Business and IT alignment essential
Greenbaum added that it's important for companies to figure out precisely what they're trying to analyze before dumping all sorts of unnecessary data into a data warehouse. He said this process involves close interaction between business and IT and will help both sides determine exactly what is needed in a data warehouse and what isn't.
"Put the horse before the cart," Greenbaum said. "Know what you want before you build the super-sanitary landfill or boil-the-ocean data warehouse, because that is going to be a resource-sucking monster."
Raymond Karrenbauer, chief IT architect for ING Worldwide and a featured keynote speaker at the TDWI conference, agreed that business and IT have to decide exactly how to define data to ensure accurate reporting.
Business and IT must decide at which point a sale is categorized as a sale, or exactly when a particular month of marketing initiatives comes to a close. Also, a company that has IBM for a client, for example, will need to decide whether that company will be known in their system as IBM or International Business Machines, because if the name of the company doesn't sync up, the historical data or analyses related to that company are likely to be flawed.
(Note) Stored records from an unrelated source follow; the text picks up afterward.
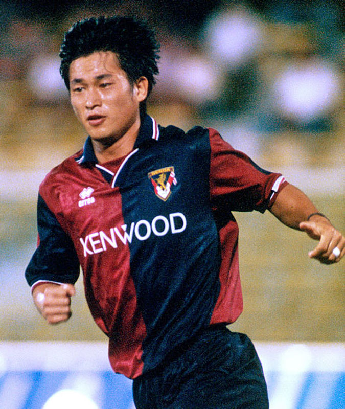 今に続く“日本人セリエAへの道”は三浦知良の挑戦から始まった。負傷したシーズン開幕戦やゴールを決めたジェノヴァ・ダービーなどで、このホームキットを着用している。
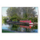The bright red of a narrow boat ireflects in the still water of the canal in an idyllic scene of the english countryside
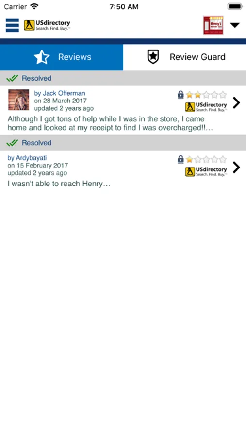 Participating USdirectory Merchants can use this app to check reviews about their business from over 2000 digital review sources. Get notified instantly when someone posts a sub-par review on USdirectory and then use USdirectory's instant customer chat screen to resolve your unhappy customer's concern thereby increasing your chance of getting only positive reviews.
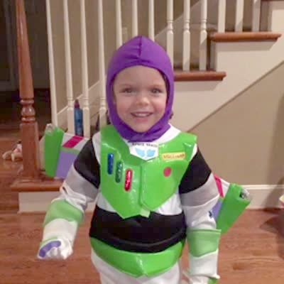 A tot girl dressed as Buzz Lightyear and says "To infinity and beyond!" She then runs, slips and falls.
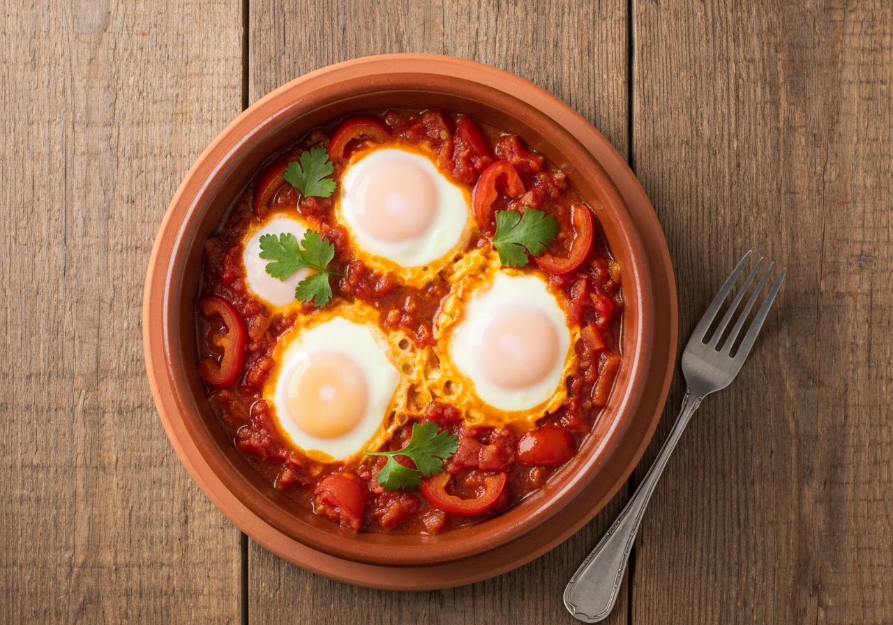 Eggs gently poached in a rich, spiced tomato and pepper sauce — a one-pan wonder that works for breakfast, lunch, or dinner.
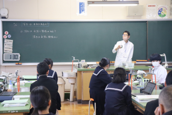 教務主任「片瀬教諭」3年生理科の授業。「浮力について」

"You've got to get everyone agreeing to the definitions early, because even if you've captured the data right and you've done the right technical quality transformation processes, inevitably the user base that is reading this thing is going to come back and produce [incorrect] reports," Karrenbauer said.
Beware of frequent patching
The rate at which database and other IT vendors release patches for their systems has increased greatly in recent years, and this can potentially lead to data warehousing problems, Karrenbauer warned.
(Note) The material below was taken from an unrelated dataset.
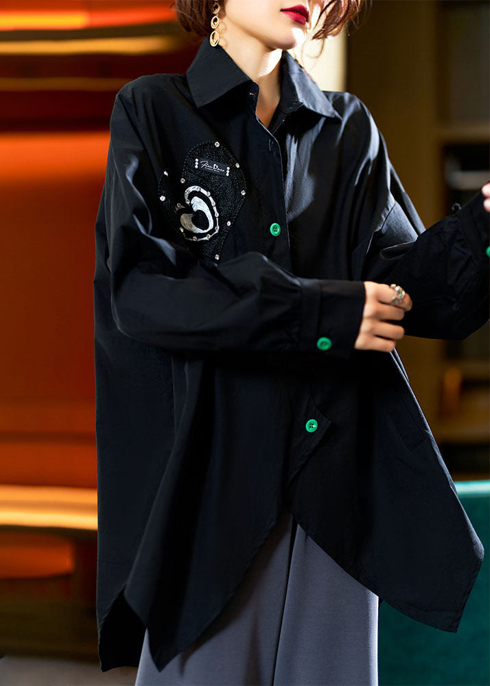 Plus Size Black Peter Pan Collar Zircon Patchwork Cotton Shirts Top Fall

Whereas major patch releases used to come out with new versions of software, today vendors are issuing patches as often as every two weeks, Karrenbauer said. As a result, his company is starting to see mismatches between client software and server software.
"There has got to be a better mechanism or more automated testing brought into the environment so that a lot of time isn't wasted every time there is a new fix, patch or some kind of issue," he said.
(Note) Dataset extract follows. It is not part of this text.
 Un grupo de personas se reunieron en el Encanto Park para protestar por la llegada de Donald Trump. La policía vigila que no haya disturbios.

Potential operational data store problems
Firms that opt to follow Greenbaum's suggestion and build a small operational data store for simple analyses and reporting can learn a great deal from TDWI conference attendee William Foster, a senior business data strategist with IBM who works on IBM's internal information management projects, specifically those projects related to customer sales and order status.
Foster said he's been working on IBM's operational data store initiative for about five years, and while the system has made great progress, it is still far from perfect, thanks mainly to what he calls the prevalence of "non-normalized" data.
"We're still discovering non-normalized information, meaning that we thought we knew what data was when it was coming in, but it apparently wasn't researched well enough," Foster said. "We didn't understand what this particular value meant or what that particular field was, but rather than leave it out, we just brought it in and called it something and hoped that we would figure it out later."
As a result, IBM is getting lots of nulls in the database because disparate sources of information were not reconciled in all cases.
The lesson learned?
"Those nulls much of the time represented an opportunity where we could have found a home and normalized the field consistently across the whole enterprise where it would have made more sense," Foster said.